Serious questions remain about the effectiveness of these responses. Conservation appeals rely on voluntary public participation.
Penalties address past failures but don’t guarantee future power sector stability. Many observers wonder if these steps are sufficient.
The public utilities commission and other bodies must navigate these challenges. Their actions will shape Sri Lanka’s electricity future.
9. Systemic Weaknesses and Sectoral Reforms
Beyond the immediate triggers of drought and fuel quality lies a deeper problem of unheeded warnings and systemic flaws. The current emergency in the energy sector is not a one-off event.
It is a symptom of chronic weaknesses in governance and planning. Lasting stability requires fixing these root causes.
Official audit reports provide a clear window into these persistent failures.
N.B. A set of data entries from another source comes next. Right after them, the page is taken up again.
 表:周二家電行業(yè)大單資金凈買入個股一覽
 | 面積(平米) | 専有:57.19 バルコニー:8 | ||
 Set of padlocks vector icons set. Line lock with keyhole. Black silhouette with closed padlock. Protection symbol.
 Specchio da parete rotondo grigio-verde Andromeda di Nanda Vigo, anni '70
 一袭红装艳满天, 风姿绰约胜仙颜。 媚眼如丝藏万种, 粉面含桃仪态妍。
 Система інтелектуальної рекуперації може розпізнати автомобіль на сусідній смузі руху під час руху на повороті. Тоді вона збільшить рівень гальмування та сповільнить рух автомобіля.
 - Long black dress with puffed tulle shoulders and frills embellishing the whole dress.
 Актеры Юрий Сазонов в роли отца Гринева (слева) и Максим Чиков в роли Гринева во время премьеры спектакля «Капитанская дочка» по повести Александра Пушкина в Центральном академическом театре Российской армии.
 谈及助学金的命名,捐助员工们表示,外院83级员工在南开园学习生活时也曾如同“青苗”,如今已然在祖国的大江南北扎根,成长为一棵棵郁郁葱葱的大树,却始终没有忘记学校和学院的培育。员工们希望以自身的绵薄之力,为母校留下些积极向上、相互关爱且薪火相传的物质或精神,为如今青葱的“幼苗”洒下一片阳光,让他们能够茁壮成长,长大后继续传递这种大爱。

They reveal a pattern that threatens the nation’s entire power infrastructure.
9.1. Audit Revelations and Recurring Procurement Issues
The National Audit Department confirmed systemic weaknesses in procurement, oversight, and verification. Its findings point to a broken process that allowed substandard fuel into the system.
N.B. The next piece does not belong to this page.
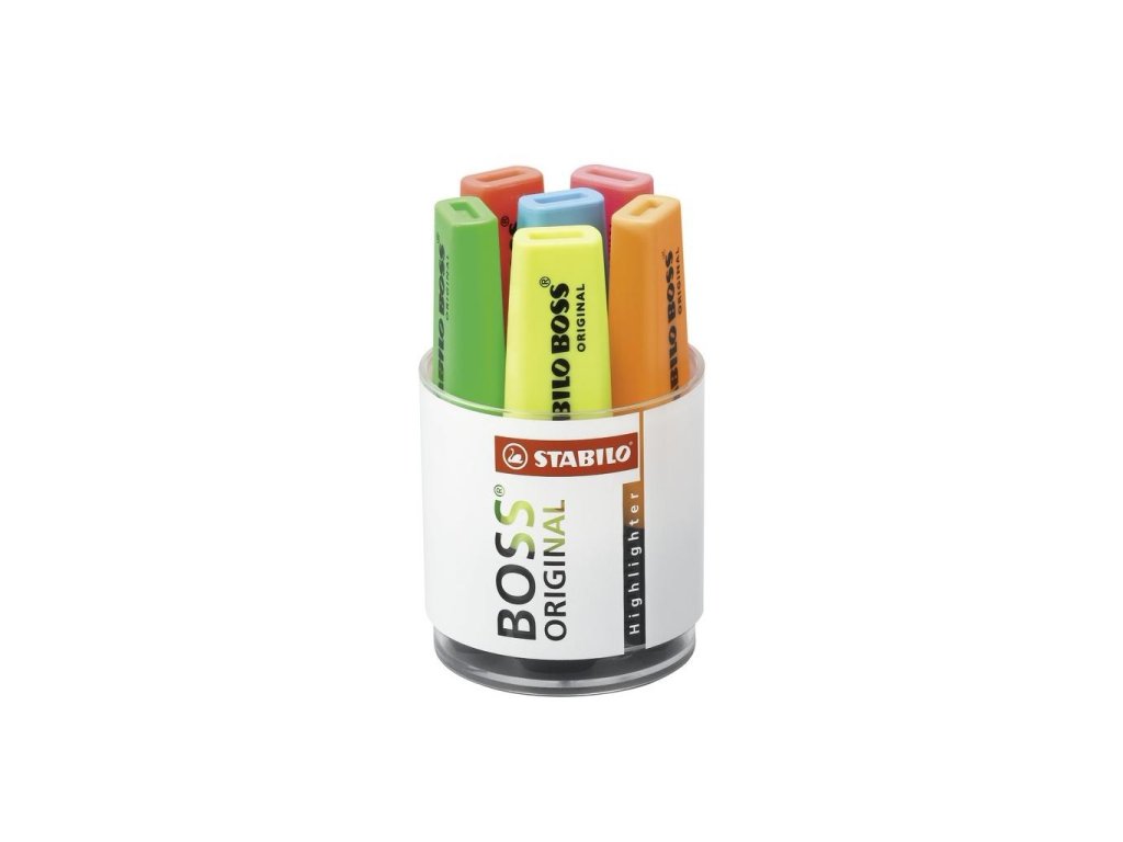 Sada zvýrazňovačov STABILO BOSS ORIGINAL 6 ks sklenná dóza žltá, zelená, oranžová, červená, ružová, modrá

These are not isolated incidents. Recurring audit findings from 2016 and 2022 warned of the same issues.
Those warnings went unheeded for months and years. This lack of accountability created the conditions for the current crisis.
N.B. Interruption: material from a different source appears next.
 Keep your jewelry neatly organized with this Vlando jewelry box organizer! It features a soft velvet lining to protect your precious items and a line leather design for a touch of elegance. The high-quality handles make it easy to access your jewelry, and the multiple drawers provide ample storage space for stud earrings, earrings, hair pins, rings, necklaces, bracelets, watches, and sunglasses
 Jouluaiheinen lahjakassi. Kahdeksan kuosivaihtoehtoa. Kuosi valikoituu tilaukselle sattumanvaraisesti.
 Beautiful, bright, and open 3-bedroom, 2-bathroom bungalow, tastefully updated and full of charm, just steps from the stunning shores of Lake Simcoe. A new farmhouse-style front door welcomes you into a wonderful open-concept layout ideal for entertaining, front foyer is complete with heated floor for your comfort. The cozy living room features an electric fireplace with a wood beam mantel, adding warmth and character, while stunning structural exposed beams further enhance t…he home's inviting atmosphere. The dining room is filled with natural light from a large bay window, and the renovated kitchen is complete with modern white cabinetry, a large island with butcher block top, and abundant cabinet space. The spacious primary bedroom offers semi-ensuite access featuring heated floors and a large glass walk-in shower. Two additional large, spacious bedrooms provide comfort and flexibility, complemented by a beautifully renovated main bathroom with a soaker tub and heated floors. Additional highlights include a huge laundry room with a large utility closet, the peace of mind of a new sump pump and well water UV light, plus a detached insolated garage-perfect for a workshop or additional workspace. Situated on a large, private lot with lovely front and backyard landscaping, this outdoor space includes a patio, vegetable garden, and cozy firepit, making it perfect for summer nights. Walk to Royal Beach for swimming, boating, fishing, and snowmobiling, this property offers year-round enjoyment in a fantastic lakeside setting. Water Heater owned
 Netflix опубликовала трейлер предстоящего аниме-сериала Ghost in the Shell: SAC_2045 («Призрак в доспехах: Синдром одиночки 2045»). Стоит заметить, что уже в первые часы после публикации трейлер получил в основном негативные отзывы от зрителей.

President Anura Kumara Dissanayake highlighted a key distinction. The core problem is suppliers failing to meet quality standards, not necessarily the tender process itself.
This indicates a critical failure in enforcement and quality control mechanisms. Without robust checks, even a fair tender can yield poor results.
The financial impact of these lapses is massive. It directly raises the cost of power generation for the whole country.
More importantly, it destroys public trust in the institutions managing a vital public service. Rebuilding that trust is now a major challenge.
9.2. Paths Toward Transparency and Sustainable Management
Meaningful reform must start with stricter oversight and independent quality verification. Transparent tender mechanisms are non-negotiable.
The goal is a system where failures are caught early and addressed promptly. This requires a cultural shift toward accountability.
Sustainable energy management is another crucial pillar. Long-term planning must formally account for climate risks like prolonged drought.
Reliance on a single fuel source or a handful of large plants creates vulnerability. The sector needs a more diverse and resilient mix.
Learning from this crisis is essential to avoid repetition. Key reform measures should include:
- Independent auditors for fuel quality at the point of origin and upon arrival.
- Public disclosure of major procurement contracts and quality reports.
- Integrated planning that treats water resources for agriculture and power generation as a single, managed portfolio.
- Strengthened regulatory authority for the Public Utilities Commission to enforce standards.
Without addressing these systemic weaknesses, Sri Lanka will face similar emergencies in the future. The triggers may change, but the outcome will be the same.
Building a resilient power sector is the only way to ensure stable and affordable energy for all citizens. This analysis leads directly to the final discussion on forward-looking strategies.
10. Navigating Forward: Strategies for a Stable Power Future
To secure a stable and affordable electricity future, Sri Lanka must embrace a multi-pronged strategy. Diversifying the energy mix is critical. Accelerating renewable energy like solar and wind, paired with storage, can cut reliance on imports.
Modernizing the grid system is equally vital. Smart technologies can manage peak demand during evening times. This helps balance supply across different days and months.
Fundamental reforms in procurement and planning are needed for the power sector. Strict quality controls prevent fuel quality issues. Long-term strategies must account for changing climate conditions.
Sri Lanka can turn this crisis into an opportunity. Building a transparent and efficient energy system ensures reliable power generation for all. The path forward requires decisive action now.